Chemometrics applies multivariate statistical and mathematical methods to extract maximum information from complex analytical data. Principal component analysis, calibration models, and classification algorithms enable pattern recognition and prediction in spectroscopic and chromatographic data.
Traditional analytical chemistry often reduces a measurement to a single number — one peak height, one absorbance value, one concentration. But modern instruments generate vast amounts of data simultaneously: a UV-Vis spectrum contains hundreds of absorbance values across different wavelengths, an HPLC run produces a continuous signal over time, and a mass spectrometer can record thousands of ion intensities in a single scan. Chemometrics is the discipline that takes all of this multivariate data and extracts meaningful chemical information from it using the statistical and linear algebra tools you already know — matrices, eigenvectors, and regression — applied specifically to chemical measurement problems.
The workhorse technique is principal component analysis (PCA), which you can think of as finding the directions of greatest variation in a high-dimensional dataset. Imagine you have IR spectra of 50 olive oil samples, each spectrum containing 2000 data points. PCA identifies the handful of orthogonal directions (principal components) that capture most of the variance. When you plot samples on the first two principal components, oils from different regions or with different adulterants often cluster into distinct groups — without you ever specifying which wavelengths to examine. The eigenvectors from your linear algebra prerequisite are doing the heavy lifting: each principal component is an eigenvector of the covariance matrix, and its eigenvalue tells you how much of the total variance it explains. In practice, two or three components often capture 95% of the information in spectra that originally had thousands of variables.

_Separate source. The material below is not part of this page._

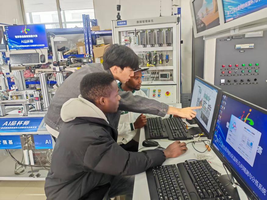 该团队作品《AI品杯师-保温杯内胆智检双维全链数字化解决方案》聚焦金华本土保温杯行业质量检测痛点,融入机器视觉、AI技术大幅提升保温杯内胆合格率,节约生产成本。备赛期间,学校领导高度重视,智能制造学院统筹协调,围绕产业痛点、方案设计、产线改造等关键环节开展多轮专题研讨,组建多专业保障团队,突破语言障碍和技术壁垒,书写了国际合作与技能创新的精彩篇章。目前,已有60名卢旺达青年在金职学习,这不仅充分体现了金职大践行“产教融合、大国智造”的教学理念,更是中国职业教育国际合作的生动实践。

Beyond exploratory pattern recognition, chemometrics builds multivariate calibration models that predict chemical properties from spectral data. Partial least squares (PLS) regression is the standard approach: rather than regressing concentration on a single absorbance peak, PLS uses the entire spectrum (or a selected region) to build a model that relates spectral variation to analyte concentration. This is powerful because it handles collinear variables — neighboring wavelengths in a spectrum are highly correlated, which breaks ordinary least squares regression, but PLS compresses them into latent variables first. A pharmaceutical company might use a PLS model to predict tablet potency from a near-IR spectrum in seconds, replacing a 30-minute wet chemistry assay.
Classification methods like linear discriminant analysis (LDA) and soft independent modeling of class analogy (SIMCA) extend chemometrics into qualitative territory. Given training spectra from known classes — authentic versus counterfeit drugs, different bacterial strains, contaminated versus clean food samples — these algorithms learn decision boundaries that assign unknown samples to categories. SIMCA builds a separate PCA model for each class and checks whether a new sample fits within the class boundaries; LDA finds the linear combination of variables that maximizes separation between classes. The key insight connecting all of these methods is the same: chemical data is redundant, and the true dimensionality of the problem is far smaller than the number of measured variables. Chemometrics exploits that redundancy to find signals that would be invisible in univariate analysis.